Information provided:
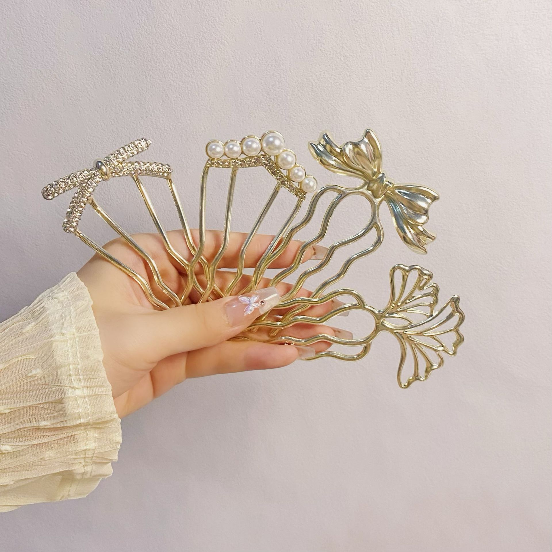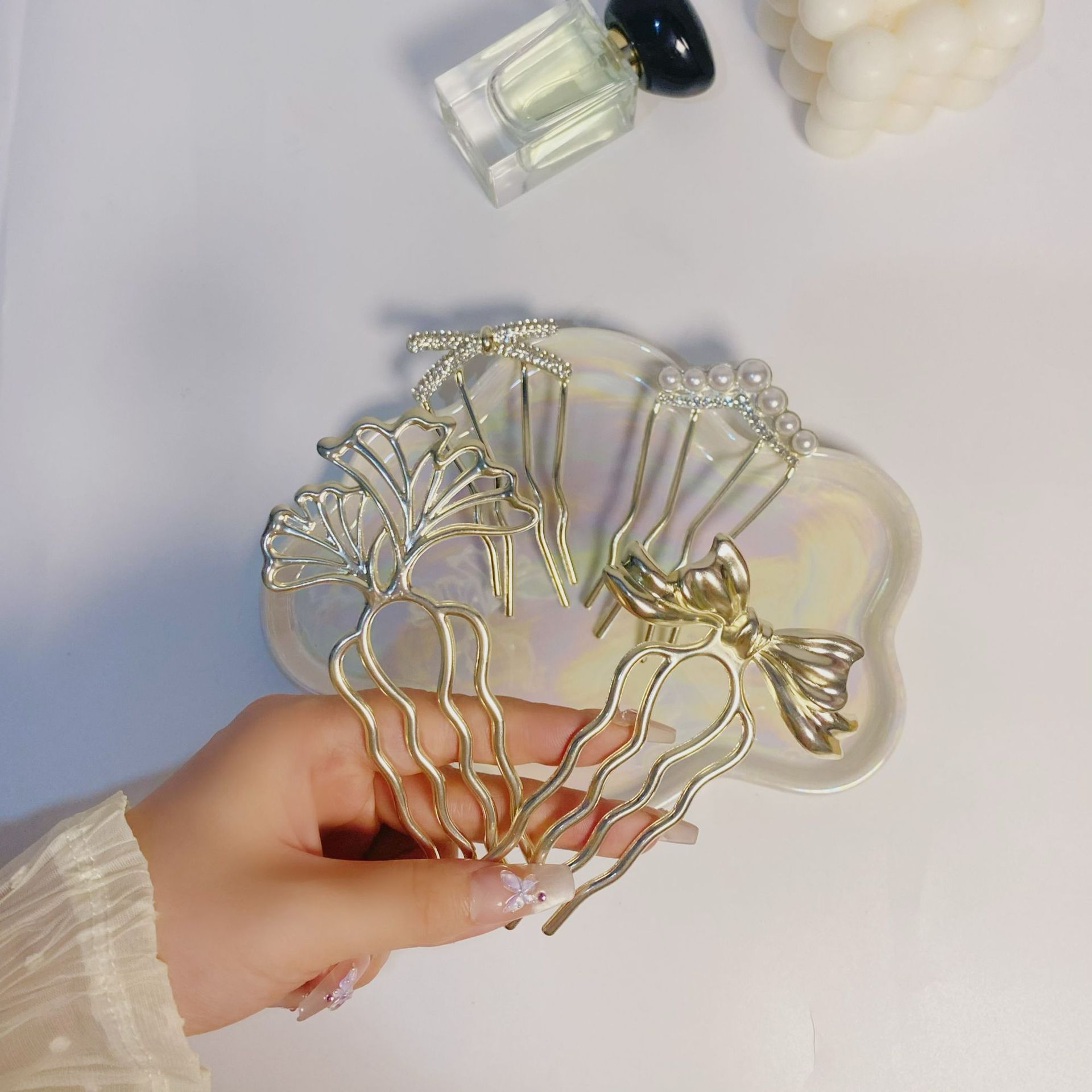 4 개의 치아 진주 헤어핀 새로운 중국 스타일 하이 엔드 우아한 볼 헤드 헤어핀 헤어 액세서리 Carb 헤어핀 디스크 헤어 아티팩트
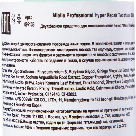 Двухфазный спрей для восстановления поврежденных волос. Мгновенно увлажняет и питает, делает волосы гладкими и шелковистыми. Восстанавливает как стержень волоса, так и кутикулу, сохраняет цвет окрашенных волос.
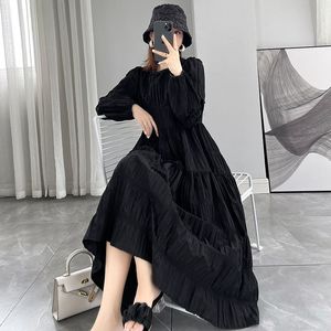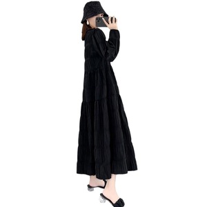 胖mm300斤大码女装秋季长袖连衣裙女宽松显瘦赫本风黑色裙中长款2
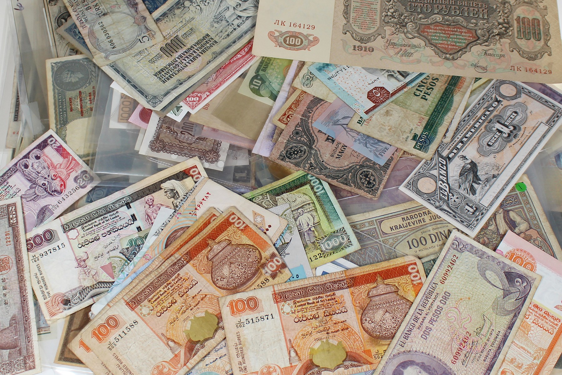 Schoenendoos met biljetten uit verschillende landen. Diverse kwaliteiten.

Work request: Everything in the data above, apart from the pictures, should be retyped exactly.

Result of this task:
 4 개의 치아 진주 헤어핀 새로운 중국 스타일 하이 엔드 우아한 볼 헤드 헤어핀 헤어 액세서리 Carb 헤어핀 디스크 헤어 아티팩트
 Двухфазный спрей для восстановления поврежденных волос. Мгновенно увлажняет и питает, делает волосы гладкими и шелковистыми. Восстанавливает как стержень волоса, так и кутикулу, сохраняет цвет окрашенных волос.
 胖mm300斤大码女装秋季长袖连衣裙女宽松显瘦赫本风黑色裙中长款2
 Schoenendoos met biljetten uit verschillende landen. Diverse kwaliteiten.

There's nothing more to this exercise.